The rally underway in the U.S. dollar index has begun to bear on commodity prices. Gold and silver in particular have been hard hit by the dollar rally. The dollar confirmed its bear market rally by breaking out above its 30-week moving average. Many are now asking, "Is this the end of the dollar bear market -- and the end of the commodities bull market?" Let's try to answer this question by turning to the charts.

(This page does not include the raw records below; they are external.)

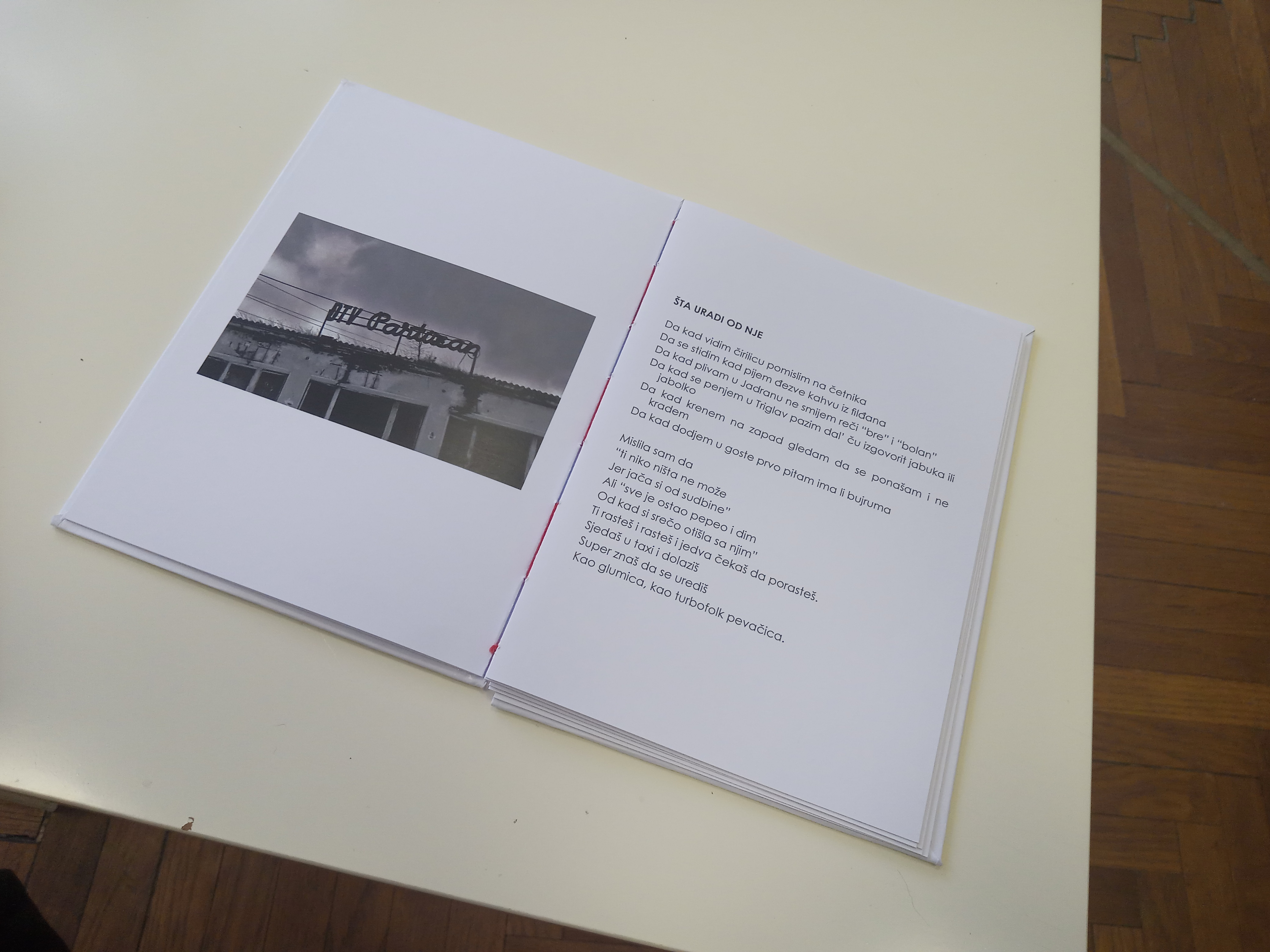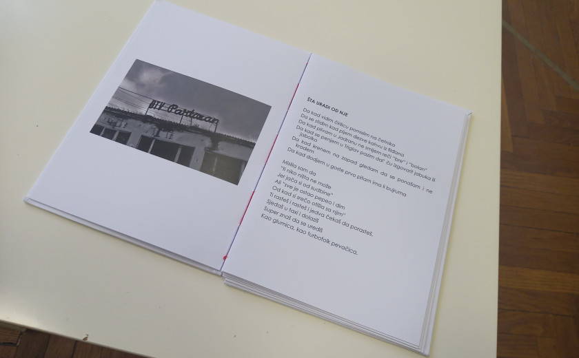 Knjigo umetnice, prav tako kot video, sestavlja nabor fotografij iz avtoričinega osebnega arhiva ter pesmi v bosanskem in angleškem jeziku. Majhna bela knjižica leži na mizi z enim samim stolom sredi prostora. Ko jo primemo v roke, se nam zdi, da držimo nekaj skrajno krhkega, saj so strani ročno vezane zgolj z ohlapno rdečo nitjo. Moramo paziti, da ne bodo zapele sirene za to drobno papirnato telesce.
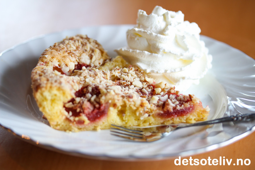 ♥ Kaken smaker aller best samme dag, servert lunken med pisket krem, vaniljesaus eller vaniljeis ved siden av.
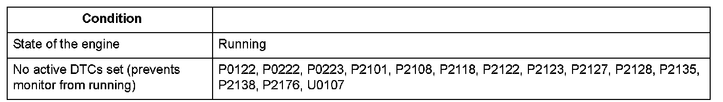 The TP sensor A output voltage is 4.8 V or more for at least 200 milliseconds.
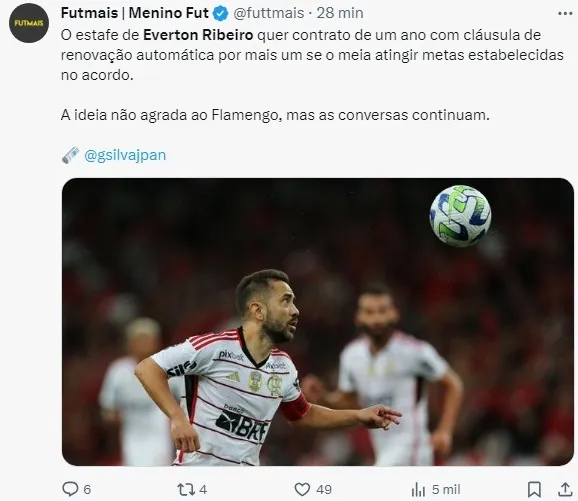 Nos bastidores, Everton Ribeiro indicou que considerará propostas de outras equipes apenas se não chegar a um acordo para renovar com o Flamengo, que permanece como prioridade.
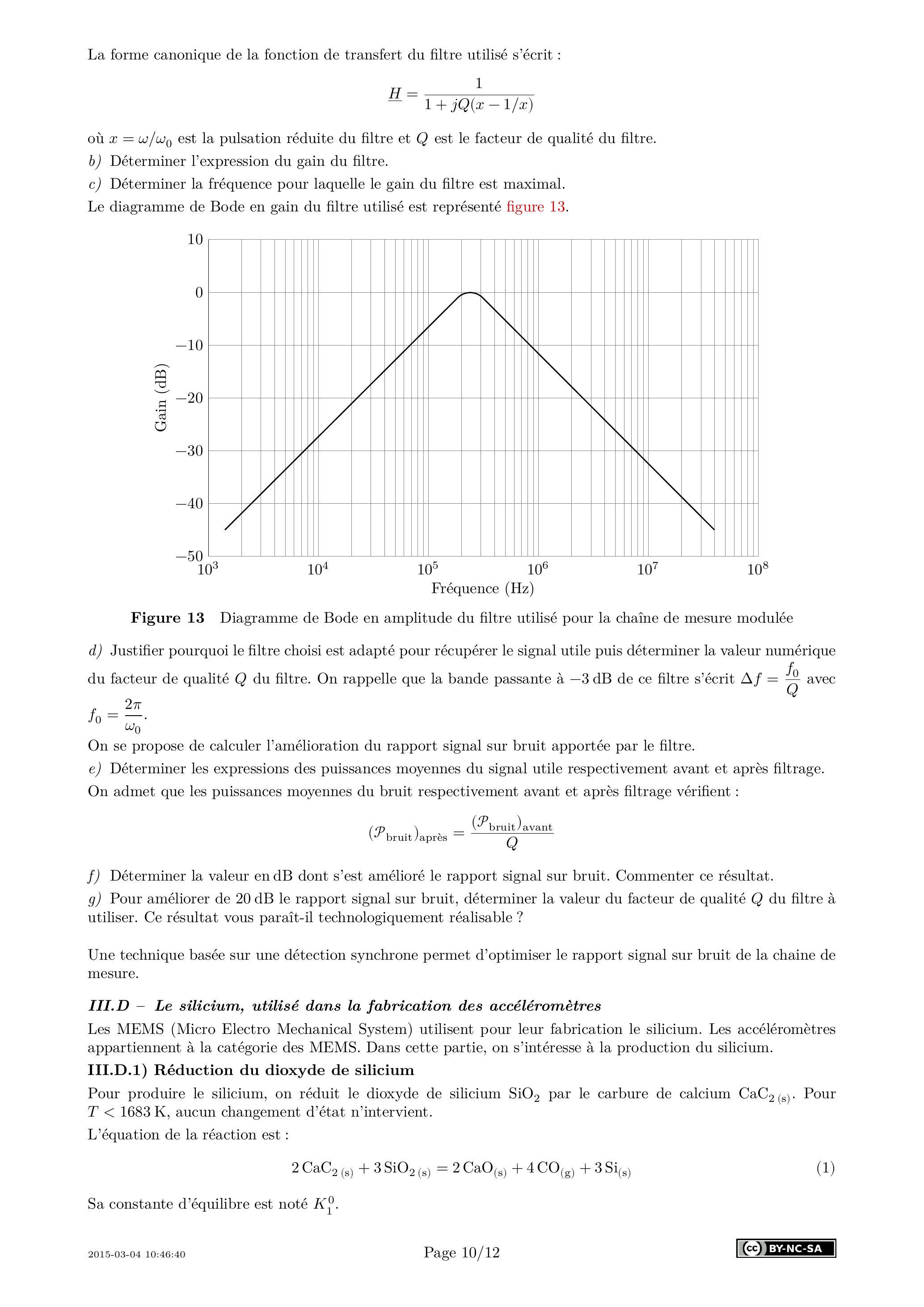 d) Justifier pourquoi le filtre choisi est adapté pour récupérer le signal utile puis déterminer la valeur numérique du facteur de qualité du filtre. On rappelle que la bande passante à -3 dB de ce filtre s'écrit avec .
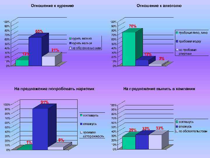 вредно Курение не вредно, если в меру вреда нет 78% 16% 3% Наркотики 79% 4% 1% Алкоголь 75% 16% 12% не знают о влиянии наркотиков на организм 6% Мы видим, что наиболее лояльное отношение у подростков к употреблению алкоголя и курению. • Необходимо значительно усилить работу по антиалкогольной и антиникотиновой пропаганде. • Сочетать работу по пропаганде здорового образа жизни с организацией досуга. Таким образом, правильно организованная профилактическая работа позволит предупредить проявления асоциального поведения среди подростков. Подростки отмечали, что взрослые проводят с ними беседы по проблемам, затронутым в анкетах. Но чаще всего эти беседы носят характер нравоучений и запретов. Подросткам хотелось бы больше говорить о том, как надо строить свои отношения с лицами противоположного пола, понять, почему люди тянутся к алкоголю, курению и наркотикам, как противостоять соблазнам и давлению сверстников, чем можно заменить асоциальный образ жизни, чтобы не остаться одному.
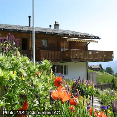 Die gemütliche und sehr gut eingerichtete Ferienwohnung im Chalet Abendruh befindet sich etwa 1,5 km abseits des Dorfkerns Braunwald im separaten „Dörfchen“ Schwettiberg. Gleich nebenan befindet sich Ihre Einkaufsmöglichkeit, das „Schwettiberg-Lädeli“.
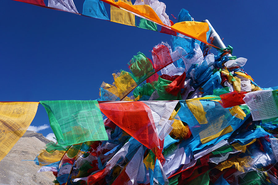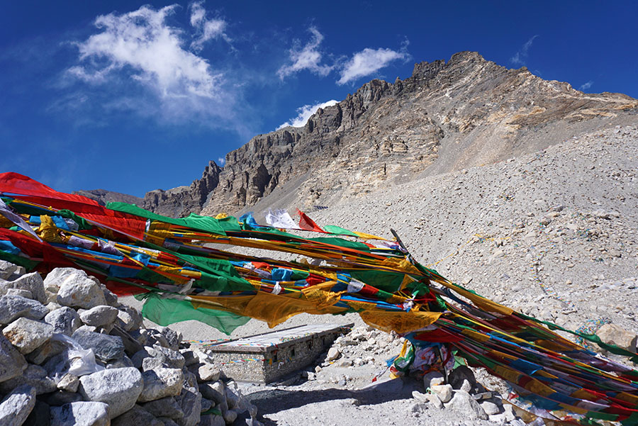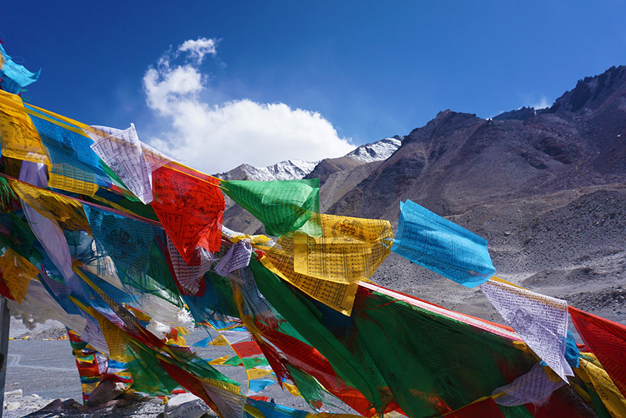 这里是观景台,经幡猎猎,目光越过一片山坳,珠峰巍然屹立。雪山。
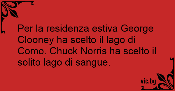 Per la residenza estiva George Clooney ha scelto il lago di Como. Chuck Norris ha scelto il solito lago di sangue.
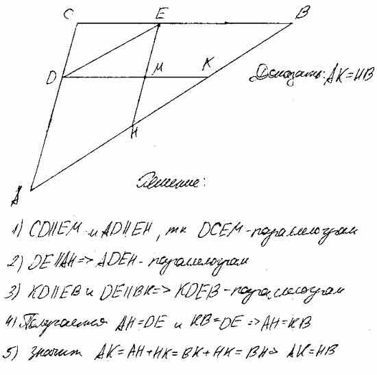 На сторонах АС и ВС треугольника ABC отмечены точки D и Е соответственно, а внутри треугольника — точка М так, что четырехугольник DC ЕМ является параллелограммом и DE || АВ. Прямая DM пересекает отрезок АВ в точке К, а прямая ЕМ — в точке Н. Докажите, что АК = НВ
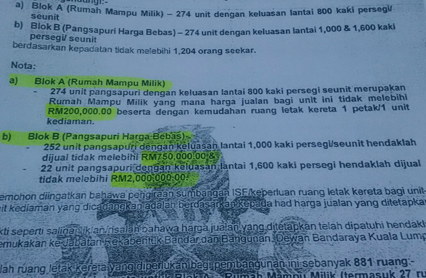 Surat asal yang diluluskan DBKL menunjukkan harga pangsapuri harga bebas di Kampung Datuk Keramat mencecah harga sehingga RM2 juta - Sumber gambar Datuk Johari Abdul Ghani
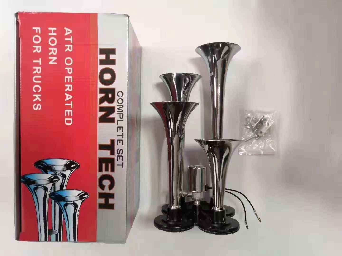 แตรลมโครเมียม 12/24 โวลต์ 135 เดซิเบล เสียงดังพิเศษ ไม่เป็นสนิม แบบสามลำโพง สำหรับเรือ รถบัส รถบรรทุก รถจักร รถไฟ รถจักรยานยนต์ รถยนต์
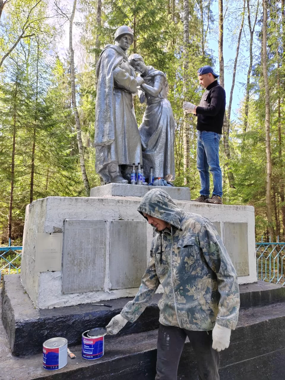Как обычно, фронт работы предстоял большой, так как захоронение находится глубоко в лесу. В процессе работы молодые люди убрали на огражденной территории опавшую листву и ветки, выскребли сухую траву. Очистили памятник от налипшей за зиму грязи, где необходимо, обновили потускневшую и облупившуюся краску.
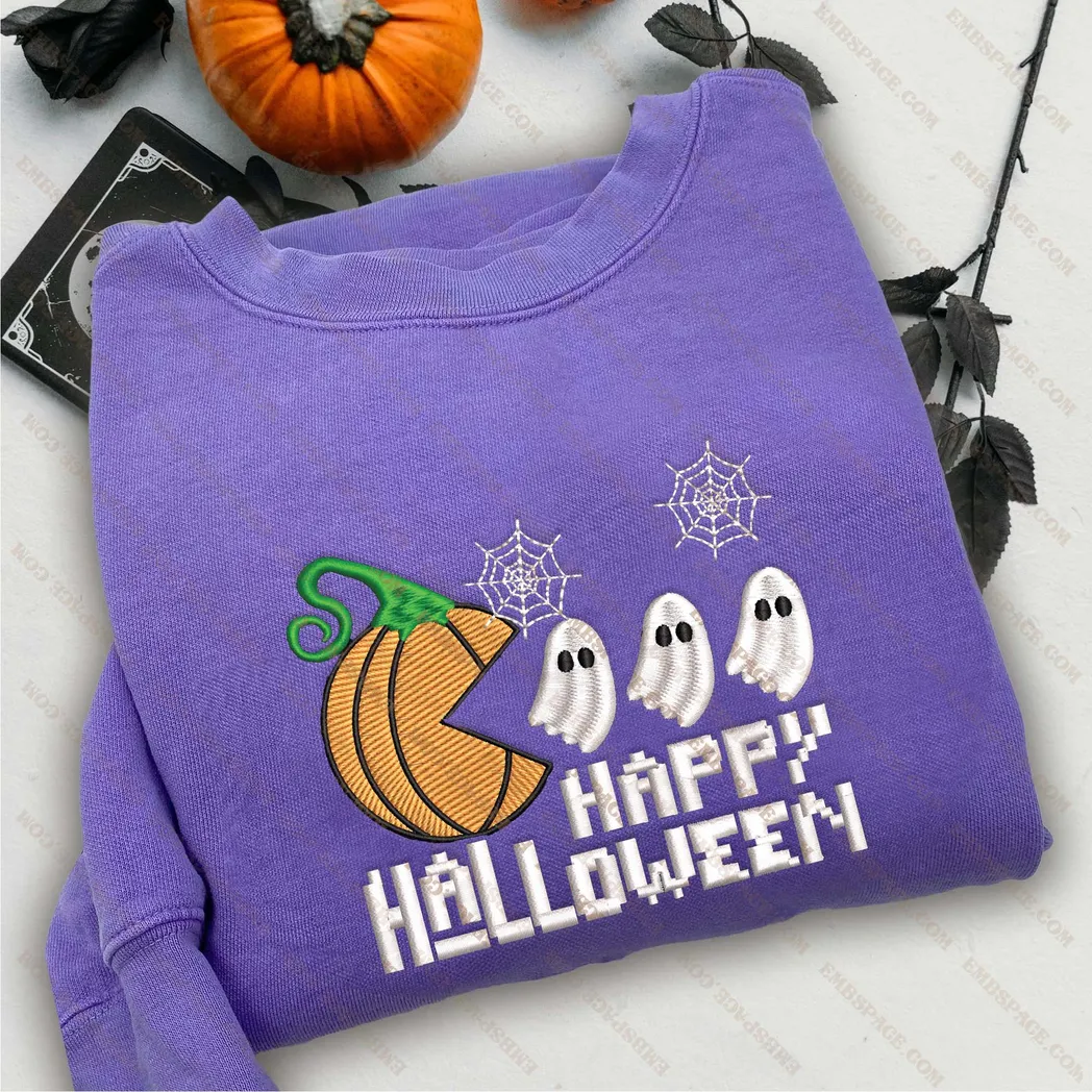 Happy Halloween Pumpkin Ghost Embroidered Sweatshirt Fashion Style
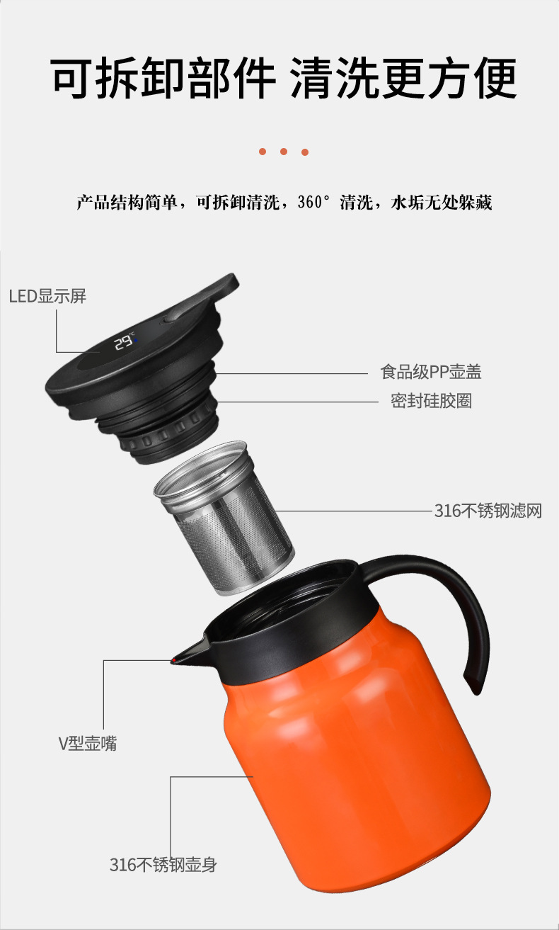 가정용 대용량 보온병 컵 316 스테인레스 스틸 라이너 스튜 티포트 맞춤형 로고가 새겨진 스마트 티 드레인

The above weekly chart of the dollar index shows the recent breakout and rally to higher levels over the past few weeks. But is this a sustainable rally? The chart suggests not. Note that while the dollar found support along the outer rim of a parabolic bowl pattern in the weekly chart, the bottom made earlier this year was actually past the mid-point, or "vertex," of the bowl. Whenever price fails to bottom at or before the mid-point, the parabolic bowl usually breaks down and price continues to decline. This failure of the dollar to bottom last summer (when the mid-point of the bowl was reached) strongly suggests the bowl will fail and that the dollar rally will soon falter.
Here is another chart worth examining. It's the long-term monthly chart of the dollar index. Note the presence of a much larger parabolic bowl pattern. The mid-point of this parabola hasn't even been reached yet, which is another reason I believe the dollar hasn't yet seen its final low. Note also the multiple downtrend lines that haven't been broken yet.
This chart suggests there will likely be a re-test of the 2004 lows in the not-too-distant future and possibly even a lower low in the dollar. This should in turn lift pressure from off commodities (including gold) and allow them to resume the uptrend.